Под снисходительным, но настойчивым взглядом директора юноша взял с блюда ещё тёплый эклер и задумался над сказанным: Дамблдор пытался избавить его от чувства вины? Или от чувства излишней значимости? Наверное, это можно было обобщить, назвав чувством излишней ответственности: Гарри вздохнул, надкусил пирожное, измазался выдавившимся кремом. Вытер губы и щёку рукавом, слишком поздно вспомнив о пожертвованном Снейпом платке. Взглянул на зельевара - профессор спал, впалая грудь мерно поднималась и опускалась. Гарри почувствовал, что его тоже неудержимо клонит в сон.
- А нельзя, скажем, перед отправлением в прошлое отрезать или стереть, словом, уничтожить ту часть свитка, где говорится об управлении дементорами? - спрашивала у Дамблдора МакГонаголл.
- К сожалению, нет, Минерва, и по техническим причинам – свиток защищён от попыток разрушить его, я уже проверил, – и по историческим: дементоры уже выпущены из мира мёртвых. Возможно, мы сможем скопировать свиток, это даст нам хоть какие-то гарантии от повторного нападения. Флитвик, вы поможете мне справиться с охранными чарами, наложенными на документ? - это были последние слова, запечатлевшиеся в памяти Гарри, стремительно провалившегося в сон.
***
Прошло два месяца. Так и не увидевшись с Гарри – по настоянию Дамблдора – Добби отправился в 1096 год, а в двадцатом веке началась зима. Близилось Рождество.
Ожидание и одиночество оказали дурное влияние на Гарри, он почти полностью потерял ощущение времени, дни тянулись, спрессовываясь, как страницы в скучной книге – один похож на другой, и не помнишь уже, сколько пролистнул, а сколько осталось.
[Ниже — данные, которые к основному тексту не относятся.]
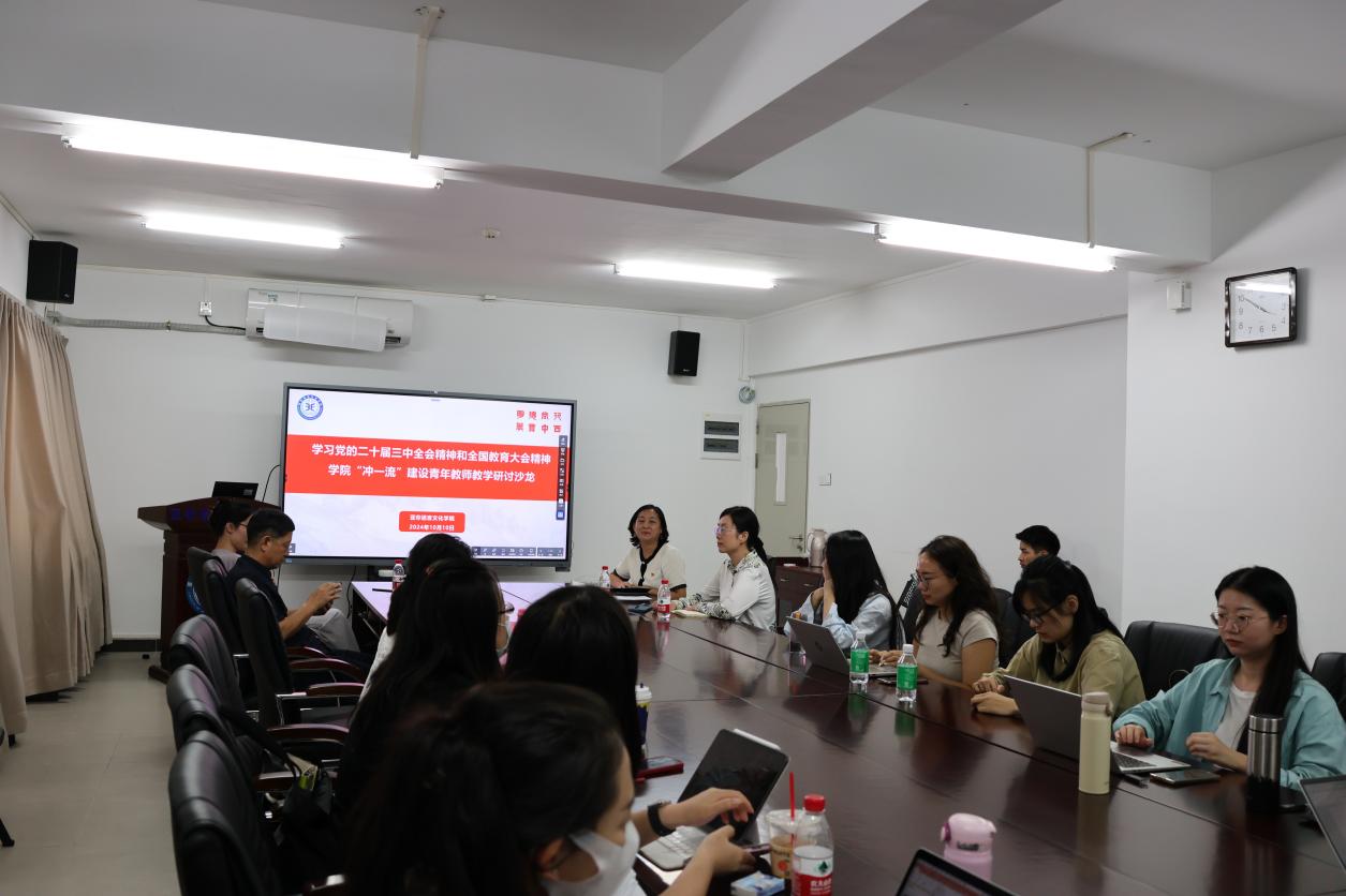 为深入学习贯彻党的二十届三中全会和全国教育大会精神,推动公司“冲一流”行动,提升公司青年教师教学能力,10月10日下午,公司举办公司“冲一流”建设青年教师教学研讨沙龙。经理全永根教授做题为“积极拥抱数字化变革,外语类一流课程建设项目申报经验分享”的主题发言,公司院领导和青年教师参加,会议由副经理牛子牧主持。本次活动也是太阳成集团tyc7111cc“本科教学质量月”的一项重要活动。

Почти единодушным решением (Снейп воздержался) Гарри обязали учиться, он слабо повозмущался, упирая на то, что он уже полгода отучился, но вынужден был смириться с неоспоримым доводом: программа, пройденная им в средневековье значительно отличалась от современной.
Быть единственным учеником во всём Хогвартсе оказалось не таким страшным, как представлялось поначалу, во-первых, многие учителя сами были не в форме после отражения атаки дементоров и на занятиях ограничивались исключительно теорией, так, Гарри не загружали ни чарами, ни трансфигурацией. Во-вторых, половина профессоров часто отсутствовала, участвуя в многочисленных комитетах и партиях, образованных в связи с продолжавшейся политической неразберихой. Дамблдор возглавил временное правительство, и его Гарри вообще почти не видел. В-третьих, кроме учебы юноше просто нечем было заняться. Вначале он активно следил за событиями, первым утыкался в принесённые совами газеты, прочитывая их от корки до корки – и «Прорицательскую газету» и несколько новых, множившихся в последнее время, как грибы, в том числе «Смутное время» и «Новую правду» – последняя специализировалась на непроверенных слухах, как правило, самого одиозного характера. Некоторые из них потом, правда, подтверждались – так, именно из «Новой правды» Гарри узнал, что Морис Бладштейн и еще несколько вампиров погибли, закиданные чесночными бомбами – изобретение близнецов Уизли отомстило за смерть своего создателя. В той же «Правде» Гарри каждое утро читал возмущённые статьи о том, что «бежавший Люциус Малфой до сих пор не пойман» – «чем занимаются эти парни из Отдела Магической Безопасности?!»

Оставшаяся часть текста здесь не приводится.